A mean ratio of two was taken as the cutoff of statistical significance. Overproduction and IWR-1 price purification of Y. pestis Zur protein The 537 bp entire coding region of zur gene
was amplified by primer Zur-P-F and Zur-P-R from Y. pestis 201 (see Additional file 2 for primer sequences) and cloned directionally into the BamHI and HindIII sites of plasmid pET24a (Novagen), which was verified by DNA sequencing. The stop codon was introduced in the reverse primer to make sure that the expressed Zur did not contain His-tag. The resulted recombinant plasmid was transformed into E. coli BL21 (DE3). For overproduction Screening Library of Zur, an overnight culture from a single colony was used to inoculate 200 milliliter of LB medium. Cells were grown with vigorous shaking at 37°C to an optical density at 620 nm (OD620) of 0.8 and were induced with 1 mM IPTG (isopropyl-β-D-thiogalactoside) for 6 h at 37°C. For purification, harvested cells were treated with BugBuster® Protein Extraction Reagent (Novagen). Inclusion bodies were recovered by centrifugation and washed twice with the same reagent. The Zur protein
was renaturated and then concentrated to a final concentration of about 0.6 mg/ml with the Amicon Ultra-15 (Millipore). The protein purity was verified by SDS-PAGE with silver staining. All steps after cell harvest were performed at 4°C, and the purified Zur protein was stored at -80°C. Gel mobility shift assay (EMSA) Primers were designed to amplify the DNA region upstream of the start codon of each gene tested selleck kinase inhibitor (see Additional CHIR98014 ic50 file 2 for primer sequences). EMSA was performed by using the Gel Shift Assay Systems (Promega) [22, 23]. The 5′ ends of DNA were labeled using [γ-32P] ATP and T4 polynucleotide kinase. DNA binding was performed in a 10 μl reaction volume containing binding buffer [20 mM Tris-HCl (pH 8.0), 50 mM KCl, 1 mM DTT, 5% glycerol, 0.05 mg/ml poly-(dI-dC) and 100 μM ZnCl2], labeled DNA and various concentrations of the Zur protein.
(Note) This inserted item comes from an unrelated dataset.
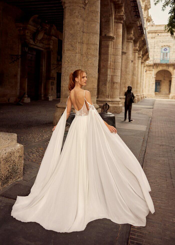 De off-the-shoulder mouwen vallen losjes over de armen en geven een zachte, dromerige uitstraling aan deze jurk. De Lumen bruidsjurk combineert romantiek en stijl op een unieke manier en is ideaal voor een zomerse bruiloft, een strandceremonie of een romantisch buitenhuwelijk.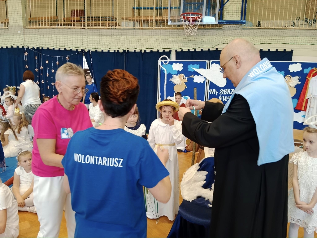 Bardzo dziękuję za pomoc w naszym dziele miłosierdzia księdzu proboszczowi Dariuszowi Nawalaniec, organiście Panu Arturowi Gurbiszowi, nauczycielom, pracownikom szkoły i Rodzicom. Również nieocenione okazało się duże zaangażowanie wolontariuszy z animatorką Panią Pauliną Kordelą i Małej Armii JP II.

We still included
three controls in each EMSA experiment: i) specific DNA competitor (unlabeled promoter region of the same gene); ii) nonspecific DNA competitor [unlabeled promoter region of the specific gene without the predicted binding site. one of the negative controls]; and iii) nonspecific protein competitor (rabbit anti-F1-protein polyclonal antibody). After incubation at room temperature for 30 min, the products were loaded onto a native 4% (w/v) polyacrylamide gel and electrophoresed in 0.5×TBE buffer for about 30 min at 220 V. Radioactive species were detected by autoradiography after exposure to Kodak film at -70°C. DNase I footprinting The promoter DNA region was prepared by PCR amplification performed with the promoter-specific primer pairs (see Additional file 2 for primer sequences), including a 5′-32P-labeled primer (either forward or reverse) and its nonlabelled counterpart. The PCR products were purified by using MinElute reaction cleanup columns (Qiagen).